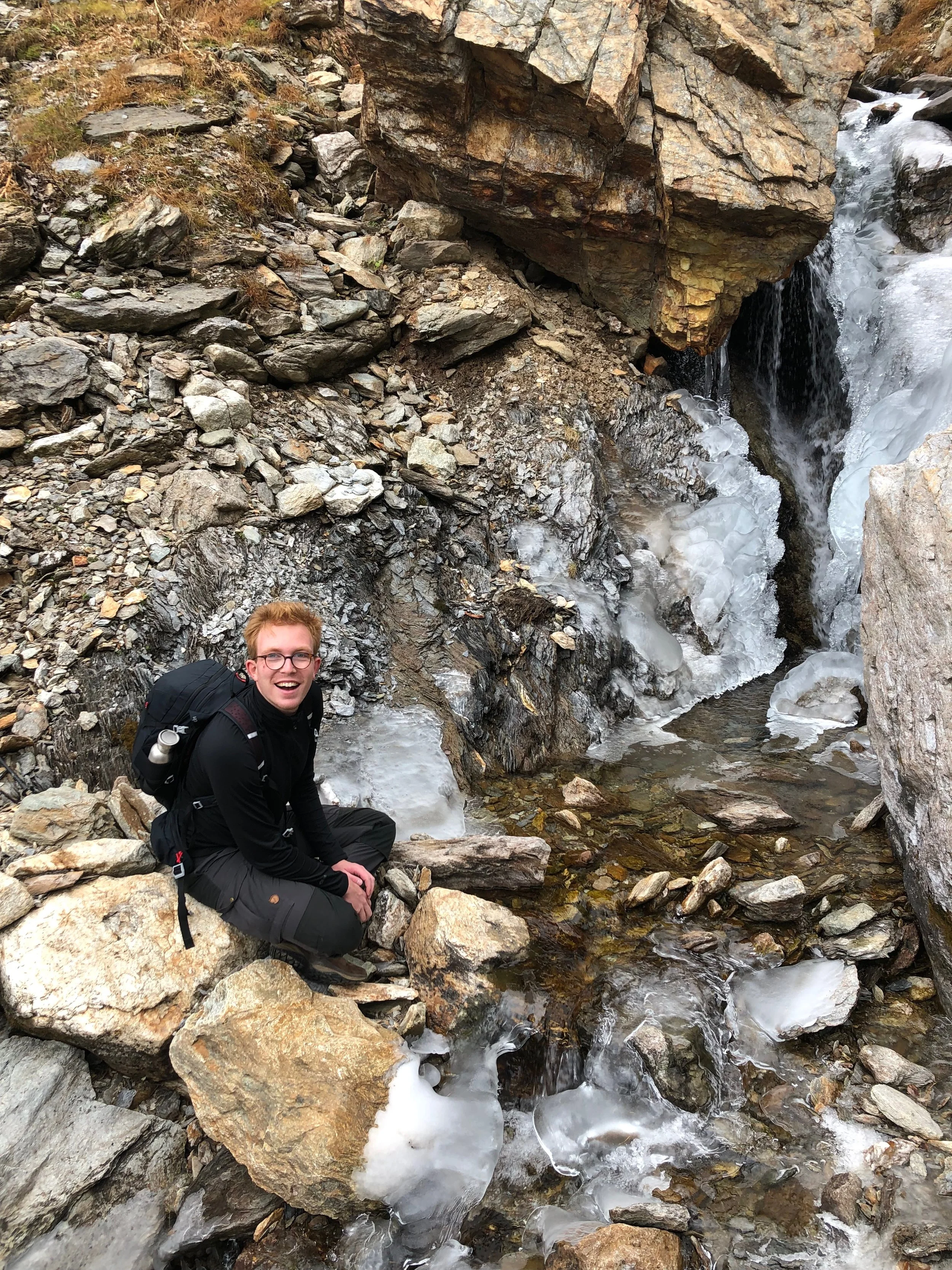 As we continued, the delicate strings of diamond ice-falls not only lured us forward but also graced the edges of our trail. Large crystal ice-gems were entangled in streams of fresh glacier water.
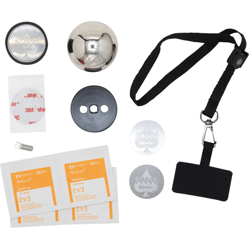 Includes semisphere mount, adhesive patch, two iOadapt steel disks and one magnetic black iOcore
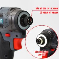 - ĐẦU CHUYÊN VÍT: Đầu chuyên vít 1/4 (6,35 mm) giúp thao tác dễ dàng chuyển đổi trong quá trình làm việc
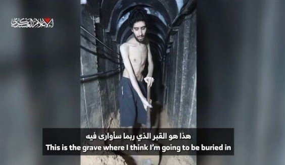 하마스에 의해 억류된 이스라엘인 인질 에비아타르 다비드가 가자지구의 한 터널 안에서 자신의 무덤일지도 모른다며 땅을 파는 장면이 하마스의 선전 영상에 담겼다. 이 영상은 그의 가족의 승인 하에 언론에 공개됐다. 이스라엘인 실종자 가족 포럼 |
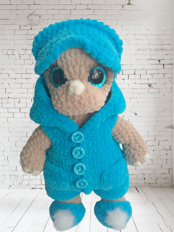 Игрушка изготовлена из плюшевой пряжи, наполнение-холофайбер. Глаза на безопасном креплении. Комбинезон снимается, в комплект также входит маска и тапульки украшены помпонами. Возможно исполнение в других цветах. Рост ~ 24 см
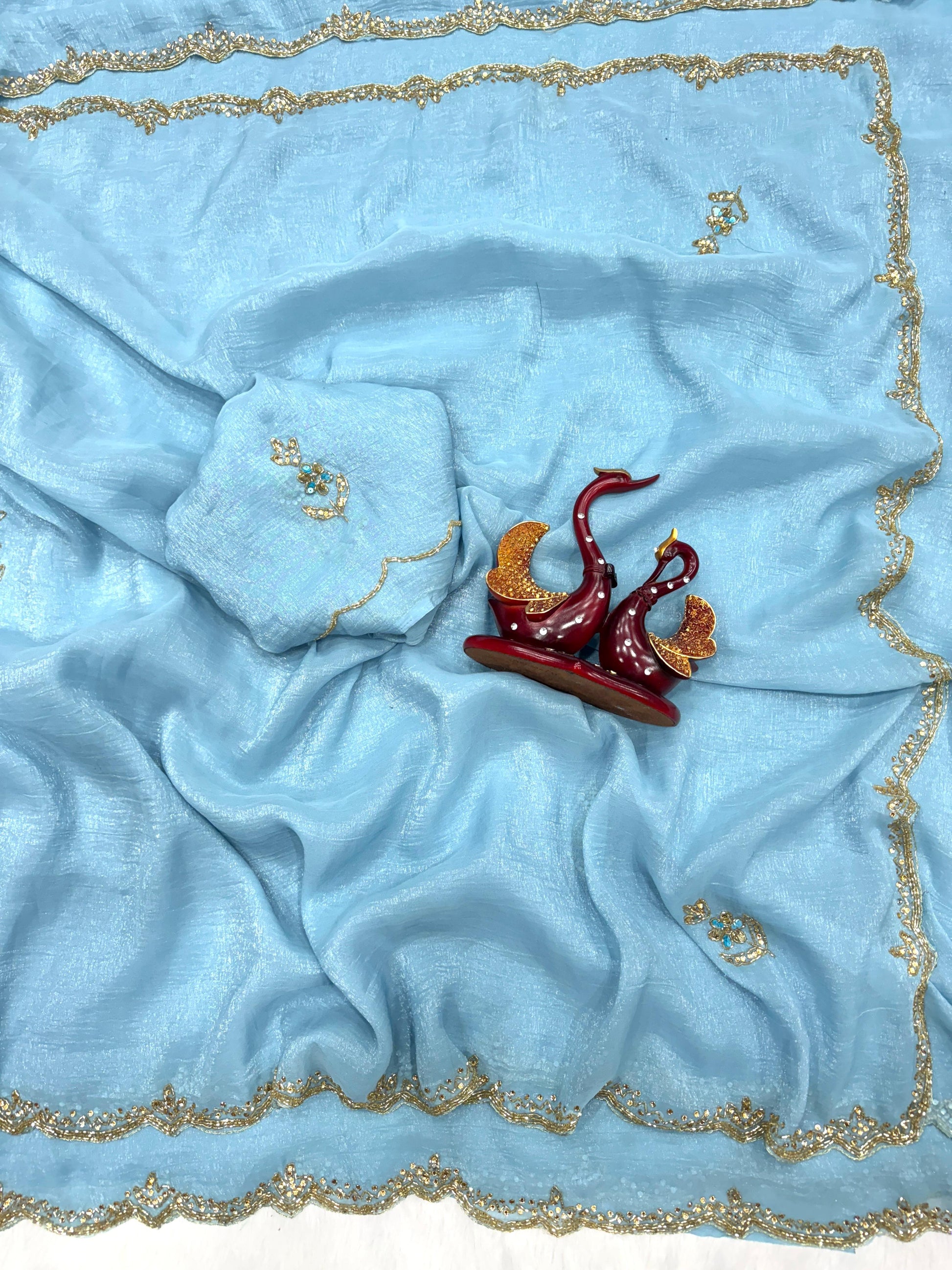 ๐ Comes with a handwork blouse in matching Pixcel Crush fabric, designed to perfectly complement the saree and elevate your overall look.
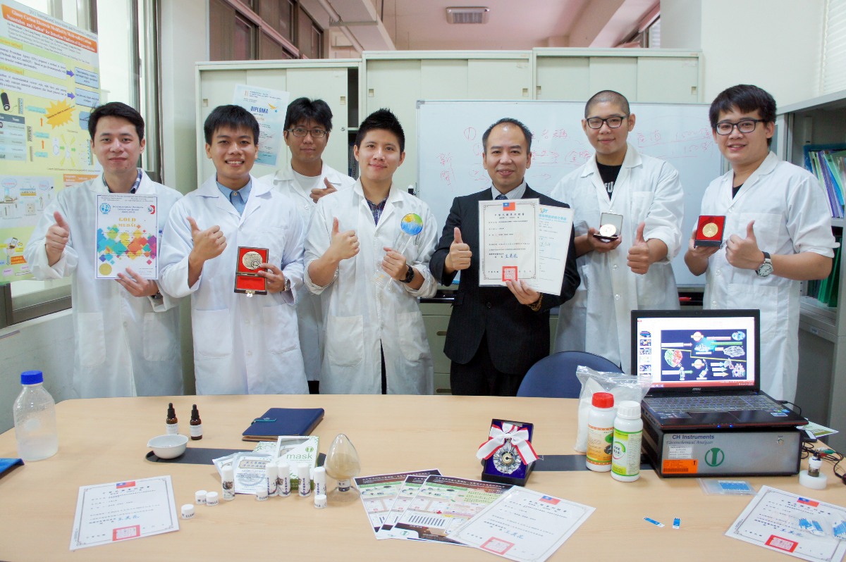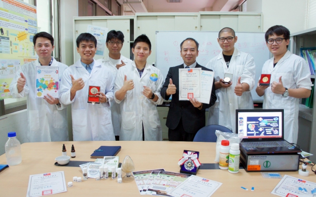 謝昌衛進一步說,指導張兆凱、莊景荃、劉啟恩、蔡宗儒發明的「一種新穎且快速檢測有機氯農藥之檢驗技術-有機氯選擇薄膜及其製備方法」,是以電化學原理設計,針對有機氯農藥的快篩平台,獲頒烏克蘭國際發明展金牌。陳頤安、林佳緯、周志翰、阮晟良跟他開發的「高分子模板-高效純化藥用真菌珍稀三帖類之技術」,以生技方式分離化合物,提升量化生產效率,獲波蘭國際發明展金牌。
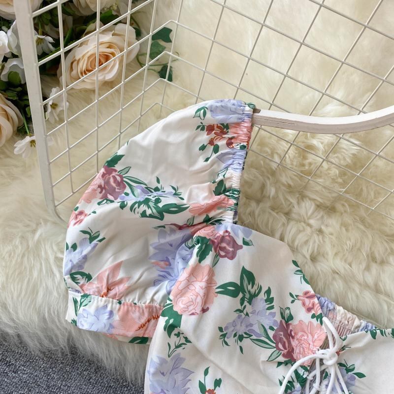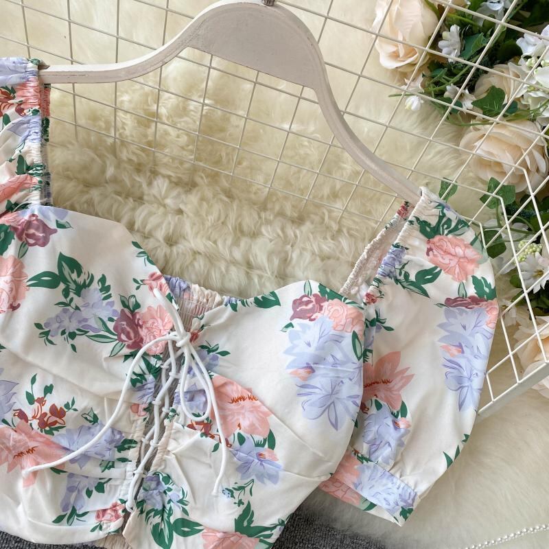 フレンチガールパフスリーブトップ2020新しいフェミニンワンピースレースアップショートへそプリントシャツ lyxaj24196795192
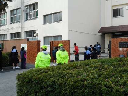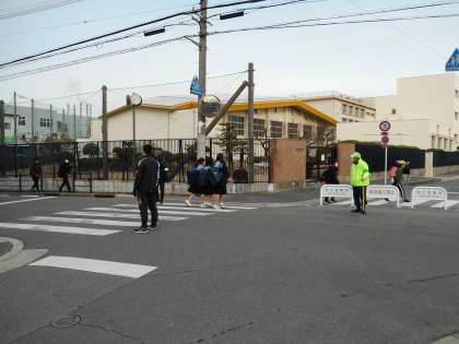 朝早くから、地域の方々に学校周辺の交差点等に立っていただき、生徒たちの登校を見守っていただきました。また、校門前でも、ひとりひとりの生徒に声をかけていただきました。
———
- **TASK INSTRUCTIONS**: Set down all of the entries exactly. Leave the pictures out.

- **TASK ANSWER**:
 As we continued, the delicate strings of diamond ice-falls not only lured us forward but also graced the edges of our trail. Large crystal ice-gems were entangled in streams of fresh glacier water.
 Includes semisphere mount, adhesive patch, two iOadapt steel disks and one magnetic black iOcore
 - ĐẦU CHUYÊN VÍT: Đầu chuyên vít 1/4 (6,35 mm) giúp thao tác dễ dàng chuyển đổi trong quá trình làm việc
 하마스에 의해 억류된 이스라엘인 인질 에비아타르 다비드가 가자지구의 한 터널 안에서 자신의 무덤일지도 모른다며 땅을 파는 장면이 하마스의 선전 영상에 담겼다. 이 영상은 그의 가족의 승인 하에 언론에 공개됐다. 이스라엘인 실종자 가족 포럼 |
 Игрушка изготовлена из плюшевой пряжи, наполнение-холофайбер. Глаза на безопасном креплении. Комбинезон снимается, в комплект также входит маска и тапульки украшены помпонами. Возможно исполнение в других цветах. Рост ~ 24 см
 ๐ Comes with a handwork blouse in matching Pixcel Crush fabric, designed to perfectly complement the saree and elevate your overall look.
 謝昌衛進一步說,指導張兆凱、莊景荃、劉啟恩、蔡宗儒發明的「一種新穎且快速檢測有機氯農藥之檢驗技術-有機氯選擇薄膜及其製備方法」,是以電化學原理設計,針對有機氯農藥的快篩平台,獲頒烏克蘭國際發明展金牌。陳頤安、林佳緯、周志翰、阮晟良跟他開發的「高分子模板-高效純化藥用真菌珍稀三帖類之技術」,以生技方式分離化合物,提升量化生產效率,獲波蘭國際發明展金牌。
 フレンチガールパフスリーブトップ2020新しいフェミニンワンピースレースアップショートへそプリントシャツ lyxaj24196795192
 朝早くから、地域の方々に学校周辺の交差点等に立っていただき、生徒たちの登校を見守っていただきました。また、校門前でも、ひとりひとりの生徒に声をかけていただきました。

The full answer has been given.